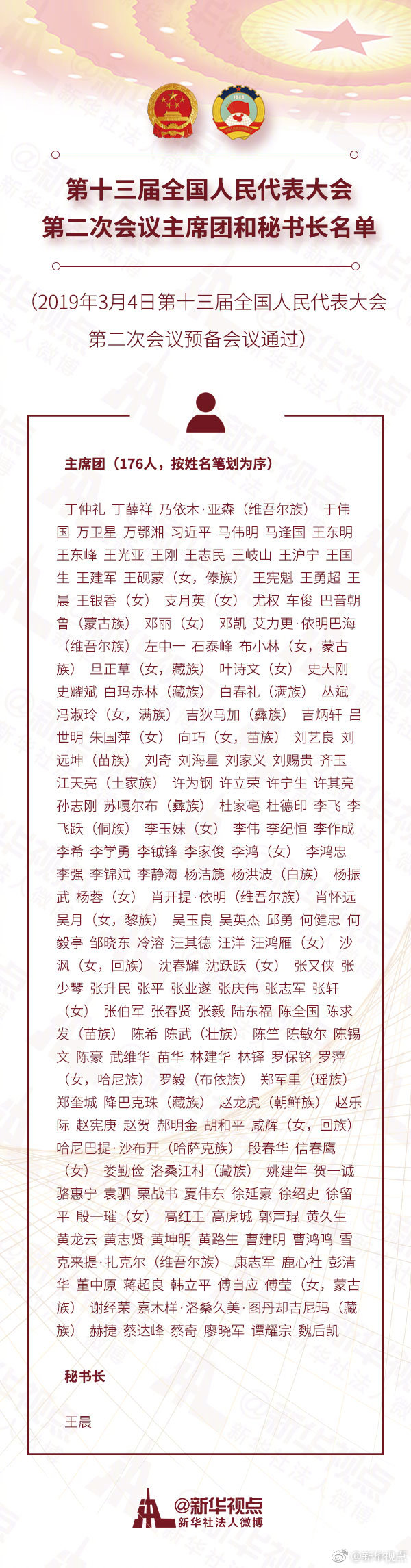 (兩會受權發布)第十三屆全國人民代表大會第二次會議主席團和秘書長名單
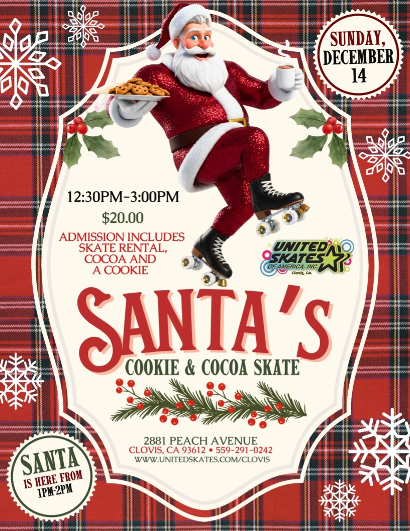 🎅🍪☕ Santa’s Cookie & Cocoa Skate! 🎄🛼 Get ready for a holly jolly good time at United Skates of America, Clovis! 📅 Sunday, December 14 🕒 12:30PM–3:00PM 🎟️ $20 Admission (includes skate rental, cocoa & a cookie!) 📸 Meet Santa from 1PM–2PM! Bring your holiday spirit and your best moves—Santa’s lacing up his skates and […]
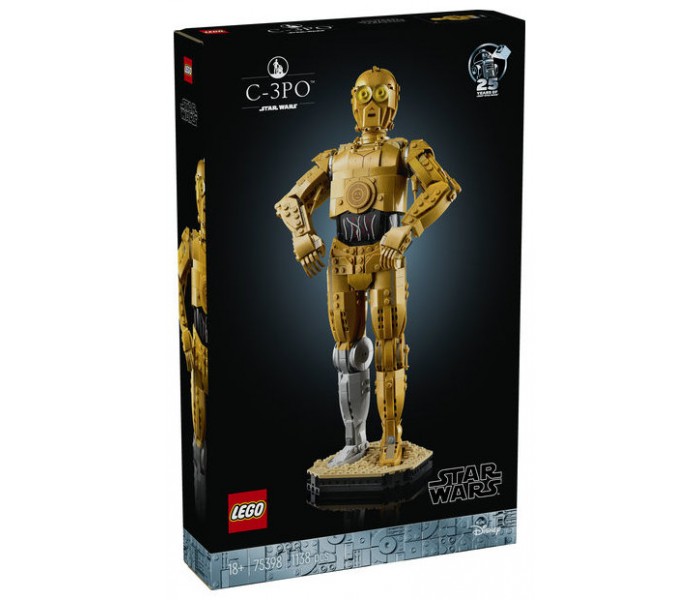 este set lego star wars para adultos contiene también una base con una placa de datos sobre c - 3po y espacio para la minifigura lego de c - 3po incluida - además de un ladrillo conmemorativo del 25
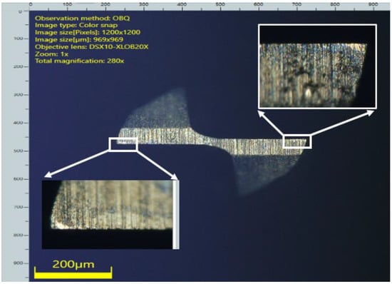 The scanning electron microscope, SEM–JEOL JSM-6490A, and Olympus DSX 1000 digital microscope at multiple magnifications, have been used for analyzing and calculating the top burr width and top burr height in both cases, namely the up milling and down milling sides. The average values of the results have been calculated (Figure 4) and displayed in Table 7.
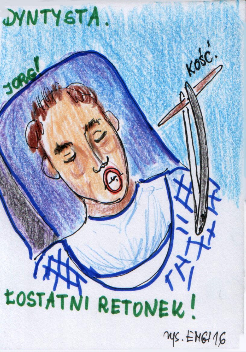 Somsiod uradowany, że niy bydzie musioł wiela czekać, rozparł sie na tym śmiysznym zeslu, co sie kopyrto a łotwarł gymba, ale dyntysta tam małoco widzioł, bezto kozoł chopu sjońć chustka, a łobrocił sie na bok, coby narychtować klyszcze. Jak już mioł wszystek pod rynkom, łokryncił sie nazod ku pacjyntowi a wrzasknoł tak głośno, że go było słychać aż we poczekalni, tak sie borok wylonkł, bo na stołku siedzioł jakiś zielony na pysku straszek!
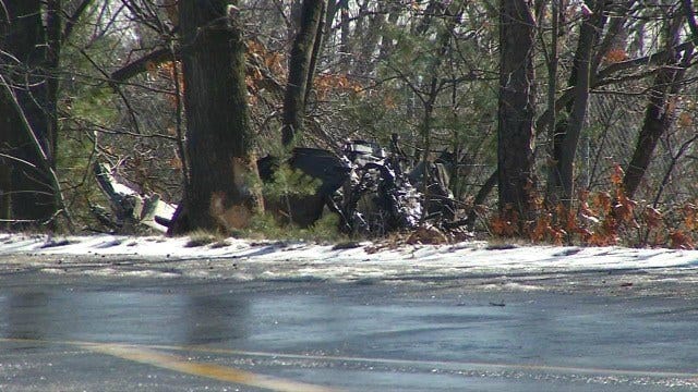 Officers responded to Worcester Street on a report of debris in the road. Police say they found the crashed car well into a wooded area, and the woman was found dead nearby.
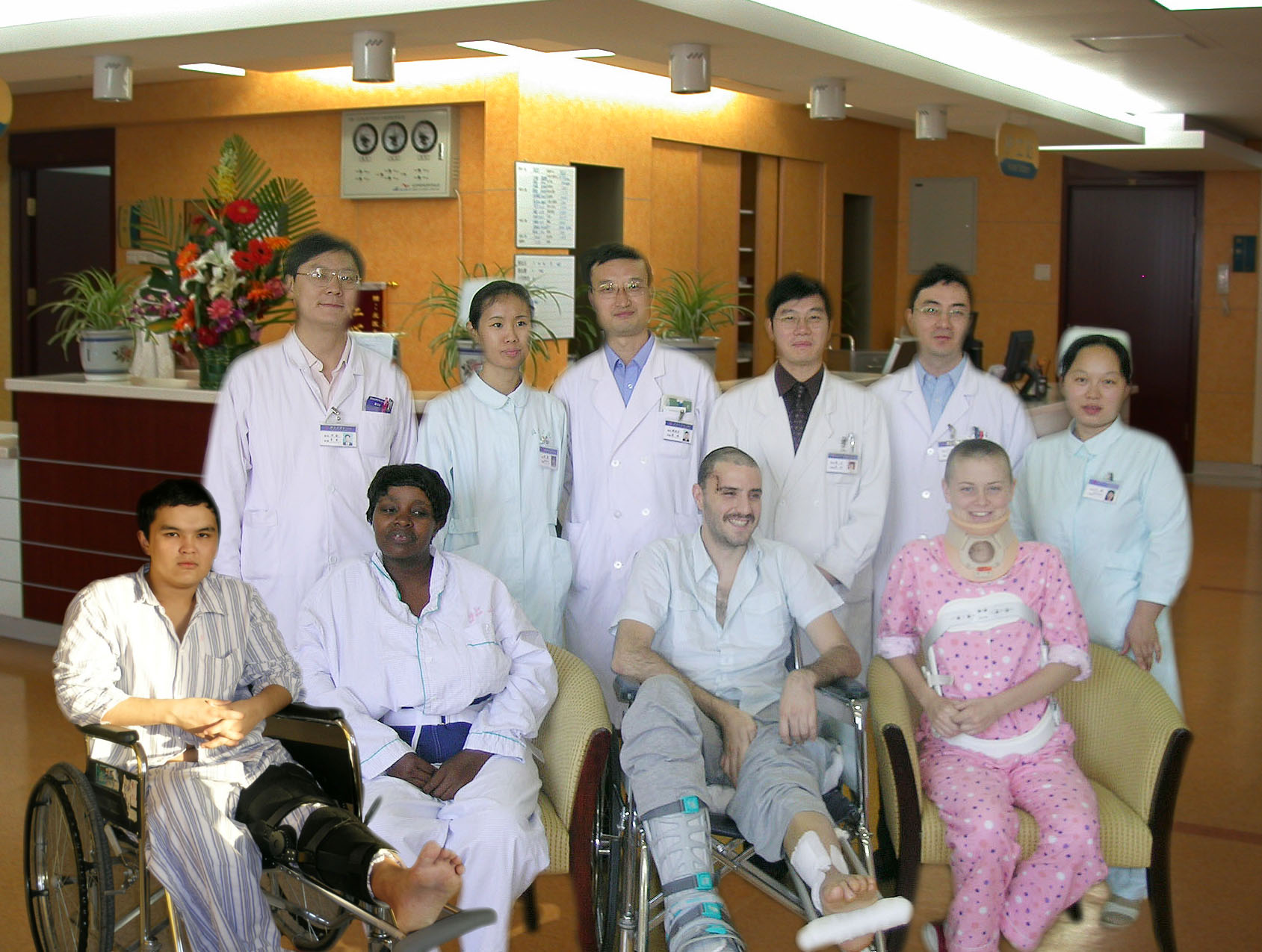 四位外籍患者分别来自英、美、哈萨克斯坦和布隆迪。有三位因为车祸导致骨折,都在第一时间得到了治疗。其中一位美国病人颈椎、腰椎均有严重骨折,来院时四肢瘫痪不能活动。因为病情严重,周方主任及张志山医生等在中秋节连夜为病人进行了长达7个小时的手术。术后病人四肢不但恢复了感觉和运动,而且经过一周的康复训练后已经能独立行走。另外一位是腰间盘突出患者,专程从非洲慕名而来,也得到了满意治疗。他们不仅治好了困扰身体的疾病,还体会到了医护人员的认真负责、热情周到的服务。
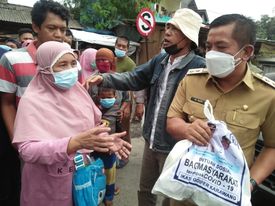 Sementara itu suasana bahagia tampak terlihat dari Suhendi salah satu penerima bantuan sembako warga johar Karawang yang mendapatkan bantuan.
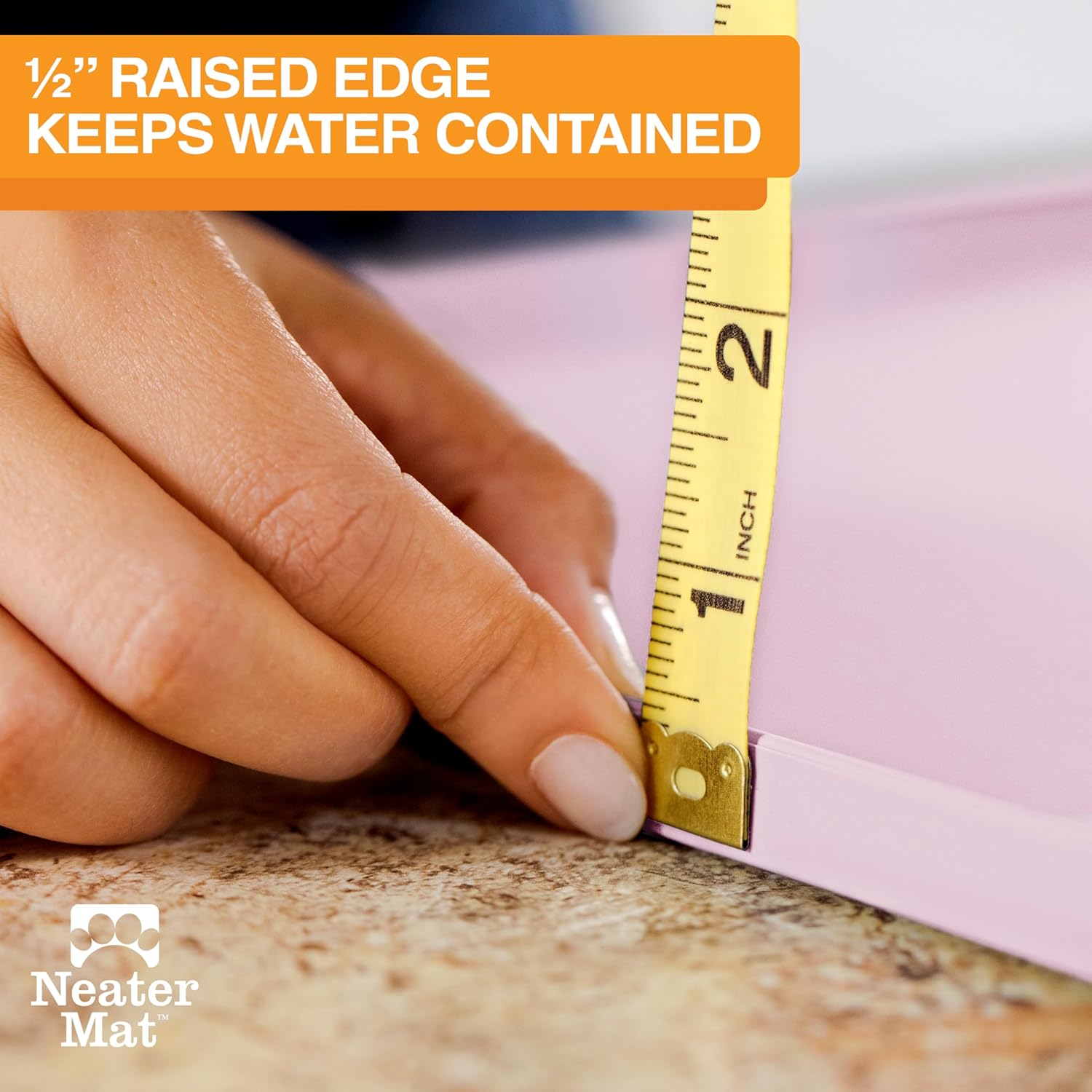 Neater Pet Brands Neater Mat Pet Mats for Food and Water, Cat & Dog Bowl Mat Waterproof Silicone, Feeding Tray, Dog Food Mats for Floors, Placemat w/Raised Edge for Under Bowls, 16” x 10”, Light Pink
□ □ □ □ □ □ □
What the task asks :: Without the pictures, return all the records precisely as they stand.

Written solution ::
 (兩會受權發布)第十三屆全國人民代表大會第二次會議主席團和秘書長名單
 🎅🍪☕ Santa’s Cookie & Cocoa Skate! 🎄🛼 Get ready for a holly jolly good time at United Skates of America, Clovis! 📅 Sunday, December 14 🕒 12:30PM–3:00PM 🎟️ $20 Admission (includes skate rental, cocoa & a cookie!) 📸 Meet Santa from 1PM–2PM! Bring your holiday spirit and your best moves—Santa’s lacing up his skates and […]
 este set lego star wars para adultos contiene también una base con una placa de datos sobre c - 3po y espacio para la minifigura lego de c - 3po incluida - además de un ladrillo conmemorativo del 25
 The scanning electron microscope, SEM–JEOL JSM-6490A, and Olympus DSX 1000 digital microscope at multiple magnifications, have been used for analyzing and calculating the top burr width and top burr height in both cases, namely the up milling and down milling sides. The average values of the results have been calculated (Figure 4) and displayed in Table 7.
 Somsiod uradowany, że niy bydzie musioł wiela czekać, rozparł sie na tym śmiysznym zeslu, co sie kopyrto a łotwarł gymba, ale dyntysta tam małoco widzioł, bezto kozoł chopu sjońć chustka, a łobrocił sie na bok, coby narychtować klyszcze. Jak już mioł wszystek pod rynkom, łokryncił sie nazod ku pacjyntowi a wrzasknoł tak głośno, że go było słychać aż we poczekalni, tak sie borok wylonkł, bo na stołku siedzioł jakiś zielony na pysku straszek!
 Officers responded to Worcester Street on a report of debris in the road. Police say they found the crashed car well into a wooded area, and the woman was found dead nearby.
 四位外籍患者分别来自英、美、哈萨克斯坦和布隆迪。有三位因为车祸导致骨折,都在第一时间得到了治疗。其中一位美国病人颈椎、腰椎均有严重骨折,来院时四肢瘫痪不能活动。因为病情严重,周方主任及张志山医生等在中秋节连夜为病人进行了长达7个小时的手术。术后病人四肢不但恢复了感觉和运动,而且经过一周的康复训练后已经能独立行走。另外一位是腰间盘突出患者,专程从非洲慕名而来,也得到了满意治疗。他们不仅治好了困扰身体的疾病,还体会到了医护人员的认真负责、热情周到的服务。
 Sementara itu suasana bahagia tampak terlihat dari Suhendi salah satu penerima bantuan sembako warga johar Karawang yang mendapatkan bantuan.
 Neater Pet Brands Neater Mat Pet Mats for Food and Water, Cat & Dog Bowl Mat Waterproof Silicone, Feeding Tray, Dog Food Mats for Floors, Placemat w/Raised Edge for Under Bowls, 16” x 10”, Light Pink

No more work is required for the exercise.